The trip to China and Hong Kong was quick but a lot was accomplished. The trip to South Korea was canceled as the meetings were not finalized. In any case this worked out well, stayed an extra day in Beijing with a friend, and got to see a local perspective on eats and checked the local area. It was a good trip to China.
I presented some ideas on large DC designs, primarily discussing some ideas around linking large IDCs together. MPLS VPNs (L3VPNs and L2VPNS) are usually the most straight-forward. You get the things you want on costly transit links such as QoS, Traffic Engineering, Load Balancing (ECMP, etc), and you also have the ability to handle overlapping address spaces in the event that you want to use the same addresses on machines in the production and staging areas of the provider network. Now what if there is only Internet connectivity between the DCs in either a primary or backup sense, is there still a way to deploy MPLS to link the DCs? Yes, it is quite feasible to use MPLS over GRE, and if you really needed encryption, you could even have MPLS over GRE, over IPSEC. The overhead is not nice, but it works.
It is worth pointing out that QoS and Traffic Engineering are not really feasible in an end-to-end approach when the tunnel is over GRE tunnels since the traffic will pass over a pure IP network that works in a best-effort basis.

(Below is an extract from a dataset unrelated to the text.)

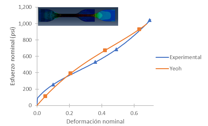 Para el modelo Yeoh se utilizaron los mismos parámetros de tiempo y malla, esto con el fin de obtener la similitud en los resultados. En la Fig. 14 se muestran los resultados con la comparativa de los resultados experimentales.

We also discussed the use of Hadoop as a means to perform distributed computing on a large scale. All the big boys use Hadoop including Baidu, AWS, Alibaba, AOL, etc. The ideas that Hadoop presents are quite impressive. Take for example that they wrote a filesystem (HDFS) that is fully distributed across hundreds or even thousands of nodes, and uses the stock standard disks inside each machine because the IOPS are much higher than using a SAN. The idea is that it is easier to move the computation than it is to move data. I couldn’t agree more.